Pan’s Disabled Features

The features page on PANs website explains about a parent company (called ChimPanXi) that tries to sell this free product with added functionality. I guess the deal they have with the developers is to just disable a few features so that they can be re-enabled them the paid version (purely speculation)?

But since the (Pan) code is open source, the options are right there in front of us but just disabled. Quite honestly… of all this disabled functionality, only one is truly worth pointing out: Pan restricts you to just 4 allowable concurrent connections to your Usenet provider at a time. Here is a small patch I created which increases this number to 99. The build I provide in this blog already has this patch applied. Here are the rest of the missing features (with some of my comments as well); maybe some might see value in the others?

Pans Missing Features
Pans Missing Features

The Goods

For those hooked up to my repository are already set, just type the following:

# install the new version of Pan
yum install pan --enablerepo=nuxref

You can also reference this table too for direct links:

Package Download Description
pan el7.rpm, fc22.rpm, fc23.rpm, fc24.rpm, fc25.rpm The Newsreader: This is the program that this blog focuses on.

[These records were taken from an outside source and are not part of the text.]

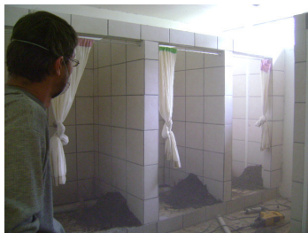
Pypherstelwerk in die badkamer van die nuwe meisieskoshuis

GEBEDSVERSOEK: Hartsverandering van persone wat oornag en of bly sowel as verantwoordelikeheidsin en oppassendheid.
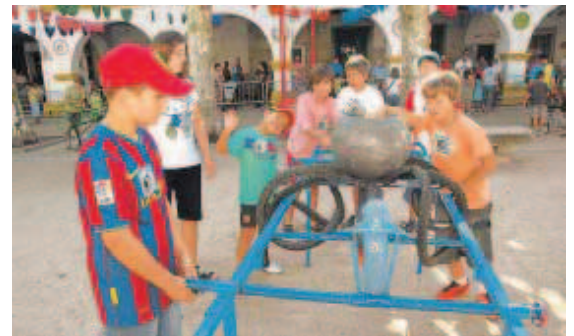
Varios niños intentando encestar la pelota en el "pulpo".

Esta manada de animales divertidos, tiene 6 años de edad y ya ha recorrido distintas ciudades europeas en Inglaterra, Holanda y Francia entre otros. La compañía con estas instalaciones quieren reivindicar la calle como lugar de juego y fomentar la socialización de los niños, escapando así del individualismo al que les someten los videojuegos.
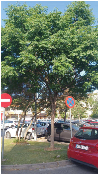
Vista general: Ejemplar con riesgo no tolerable

Localización: ID 7829, CALLE CIUDAD DE PATERNA, distrito Este-Alcosa-Torreblanca
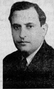
Excmo. Sr. Dr. don RAFAEL ANGEL CALDERON GUARDIA, Presidente de la República
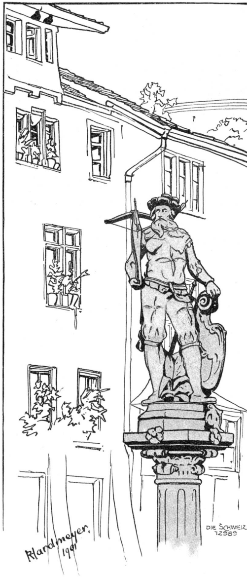
Der Tüllbrunnen in Schaffhausen. Originalzeichnung von H. Klandmayer, Küssnacht.

neben seinem Feuer stehen, das er langsam und wie spielend schürte, während seine Augen heimlich an ihr hafteten. Darüber geschah es, daß die zwei, im Dienst derselben hohen Sache sich wissend, sich wie durch unsichtbare Bande verbunden erschienen und ohne Wort, ohne je einander zu begegnen, heimlich eines des andern gerne und voll herzlichen Wohlgefallens gedachte.
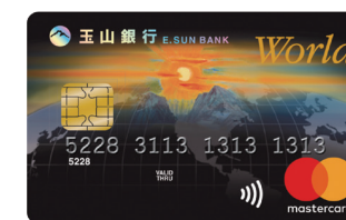
玉山世界卡 用愛心啟動「黃金種子計畫」

*結合世界卡單筆及定期定額捐款，讓更多偏遠小學的孩子們，都能擁有閱讀的幸福。 *核卡後，您的每一筆國內消費，玉山銀行將提撥固定比例，為台灣教育盡心力。 (玉山世界卡提撥千分之三/玉山南山世界卡提撥千分之二) *玉山黃金種子計畫核准字號：衛部教字第1071364758號。 *詳細內容請洽全國分行，本行保留申請核准與否及相關活動變更之權利。
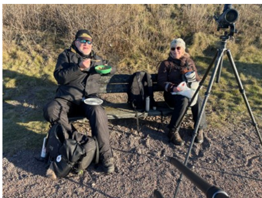
Njuter i solen
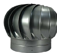
KOMÍNOVÁ ROTAČNÍ HLAVICE DORN 315 mm - 1 KS
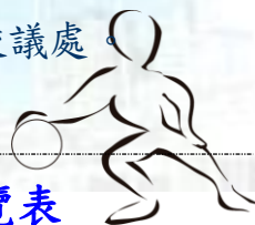
紹謨紀念體育館多功能球場 111 學年度第 1 學期使用時間一覽表
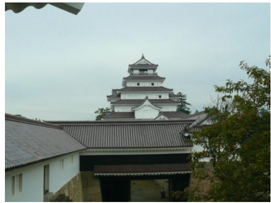
委員賞 「秋の鶴ヶ城 2」 会津若松 三島地区 西山洋雄
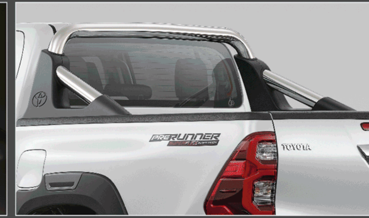
สไตลิสบาร์
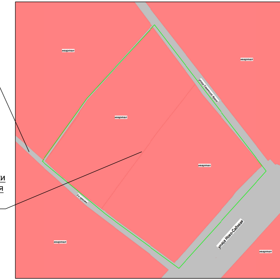
Схема расположения существующих элементов планировочной структуры

Note: The source rpm can be obtained here which builds everything you see in the table above. It’s not required for the application to run, but might be useful for developers or those who want to inspect how I put the package together.

It’s also worth noting (again) that this build includes a small patch to increase the maximum allowable number of concurrent connections from 4 to 99.

Securing Your Connection

There is very little security built into Pan from a connection point of view. What little security is (normally) in place is built using GnuTLS. GnuTLS has a history of not keeping up with the security exploits and vulnerabilities that surface with encryption libraries. It doesn’t make it unsafe; it just doesn’t make it as reliable as it’s competition (OpenSSL and Crypto). For this reason the packages I provide are intentionally not built against it (GnuTLS).

It’s really not a problem at the end of the day because there are other ways of securing this connection (properly). The way I use (and recommend) is through Stunnel.

Stunnel allows you to take an unencrypted input (from Pan) and connect it to a secure connected one (at your Usenet provider). The best thing about stunnel is that it links to your (OpenSSL) shared system libraries libssl.so and libcrypto.so which are actively maintained and patched! Basically what I’m saying is by attaching Pan to Stunnel: you get the feature rich usage of Pan and the ongoing (reliable) security of OpenSSL.

The following will get you set up with stunnel; you’ll want to be root before running the command below:

# Install stunnel (if it's not installed already)
# you'll need to be connected to either EPEL or NuxRef for this
# to work:
yum install stunnel

You can also reference this table too for direct links:

Package Download Description
stunnel el7.rpm, fc22.rpm, fc23.rpm, fc24.rpm, fc25.rpm Secure Tunnel: for data encryption.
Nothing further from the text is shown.